Chroma value and hue angle remained more stable than a* and b* in all samples, without notable differences after storage at 4 °C, especially after 90 days. These parameters decreased by half for ScCJ stored at 30 °C. However, the rate of browning, determined by hue angle values (less than 20° difference between initial and end values), was much slower than the rate of anthocyanin degradation, as reported in other red beverages [29]. This could be explained by the fact that regardless of anthocyanin loss during shelf life, red coloration of all ScCJs remained stable during the first 90 days of storage as a result of likely formation of other colored polymers, or copigmentation between anthocyanins and other flavonoids that appreciably preserved color and masked the detrimental changes during storage in the anthocyanins [32]. Despite the loss in total anthocyanin content over the storage period, red color remained stable until the end of the storage as a result of copigmentation between anthocyanins and flavonols that could also modify the color expression by changing tone shift towards purple tonalities over time as previously observed for red wine sample [33], and chokeberry juice [16]. The same effect was repeatedly reported by González-Molina et al. [28,30] and Wojdyło et al. [34] for juices made from aronia, pomegranate and maqui fruits. However, it is also possible that the anthocyanin polymers of flavan-3-ols formed in the juices during processing were more resistant to degradation during storage.
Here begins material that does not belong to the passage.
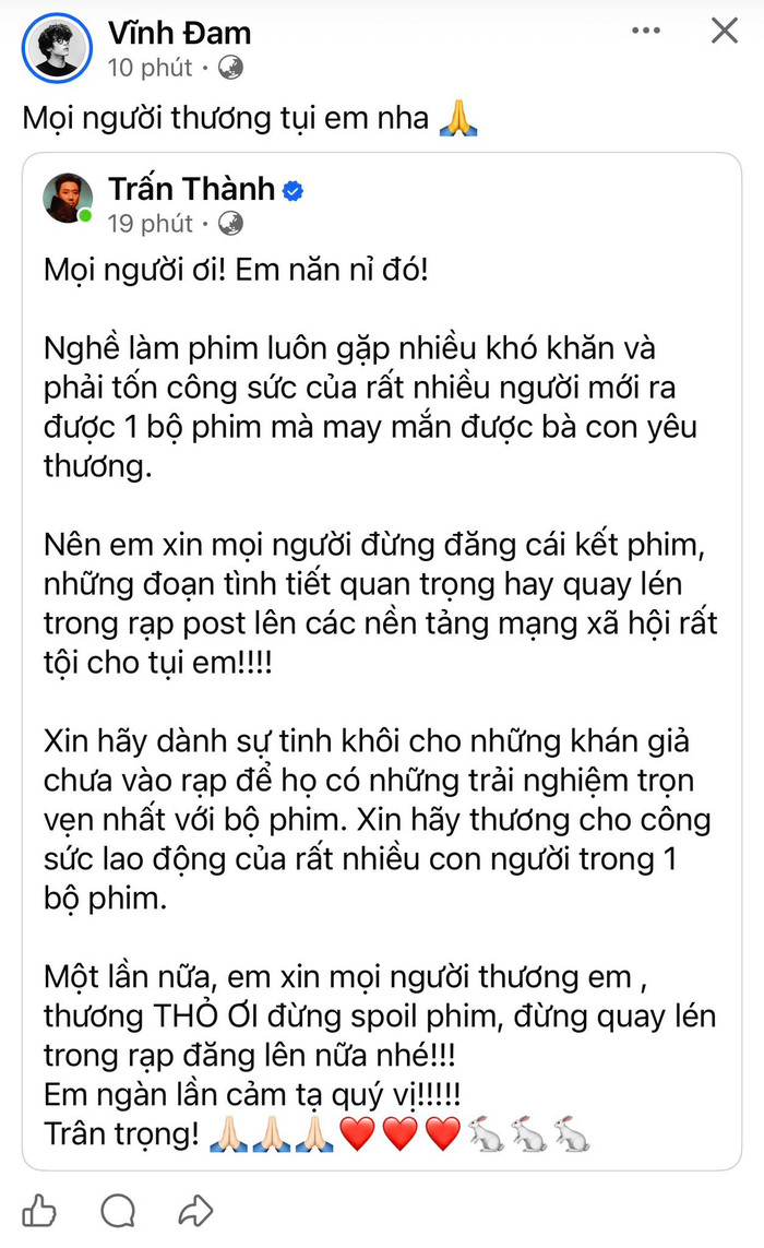 Cụ thể, trên trang cá nhân, Vĩnh Đam đăng tải lại bài viết của Trấn Thành kèm theo dòng chia sẻ ngắn gọn: "Mọi người thương tụi em nha" cùng biểu tượng chắp tay cầu xin. Dù chỉ là một câu nói súc tích, nhưng thông điệp mà nam diễn viên gửi gắm lại mang nhiều tầng ý nghĩa, đó là lời kêu gọi xuất phát từ vị trí của người trực tiếp đứng trước ống kính, đồng thời cũng là tiếng nói đại diện cho công sức tập thể phía sau một bộ phim điện ảnh.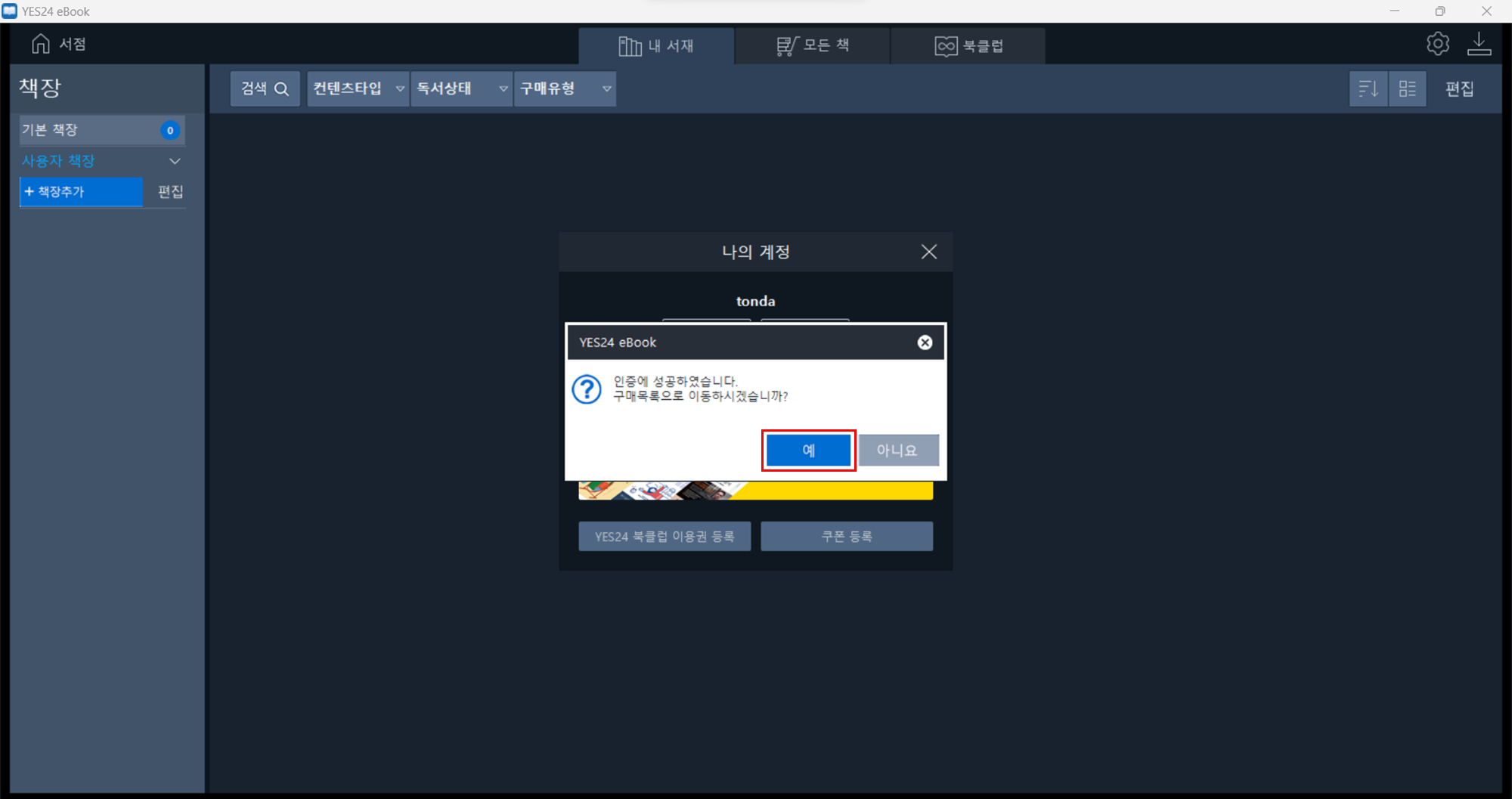 8. 예스24 이 북 뷰어를 열고 로그인해 주세요.

Likewise, to determine a relationship between the anthocyanin levels and color parameters of ScCJ, Person correlation test was carried out. CIEL*, a*, and b* negatively correlated with total anthocyanin level (r = −0.699, r = −0.685 and r = −0.657, respectively), as well as with Chroma and hue angle, which showed the strongest negative correlation (r = −0.672 and r = −0.768). A significant but weaker correlation was determined for anthocyanins in the samples stored at 4 °C (r = −0.594; r = −0.664, r = −0.615 between anthocyanins and L*, a*, b* parameters, respectively). Not significant and the weakest correlation was identified for the samples stored for 180 days. A similar tendency was found in the samples stored at 30 °C but the correlation values were lower. Therefore, color parameters might be taken into account as anthocyanin content indicator in ScCJs, especially for the samples before storage or stored for 90 days. After 180 days of storage lower correlations suggested that other ingredients of ScCJ than anthocyanin were affected by the color.

4. Conclusions

The investigated ScCJ were characterized by high content of anthocyanins which may have direct implications on juice industry and help to solve browning problems during juice storage. The content of anthocyanins and color parameters load for ScC juices were mainly influenced by cultivar. The dominant anthocyanin was cyanidin-3-glucosyl-rutinoside (25–75%). Total anthocyanin content differed significantly between juices, with values varying from ∼590 to ∼1160 mg/L. ScCJ made from Skierka, Nagy Erdigymulscu, Wilena, Wiblek, and Safircvs had the highest content of anthocyanins. Degradation of anthocyanins during the juice storage depended rather on the storage conditions (time and temperature) than on the type of anthocyanin compounds present. Kinetic parameters revealed a significant cultivar effect on the evolution of anthocyanins during storage at both 4 °C and 30 °C. Half-life value of the anthocyanins differed and depended on the cultivar and storage conditions. Half-life values of ScCJ ranged from 64.7 to 188.5 days at 4 °C and from 45.9 to 112.40 at 30 °C. Redness of the samples changed more rapidly than yellowness or lightness and Chroma or hue angel. Summing up, the study results may have direct implications for the juice industry as they address problems with deterioration of attractiveness of sour cherry cloudy juices due to loss of anthocyanins and browning during storage. Further studies on bioavailability are necessary to evaluate possible benefits of sour cherry cloudy juices for human health.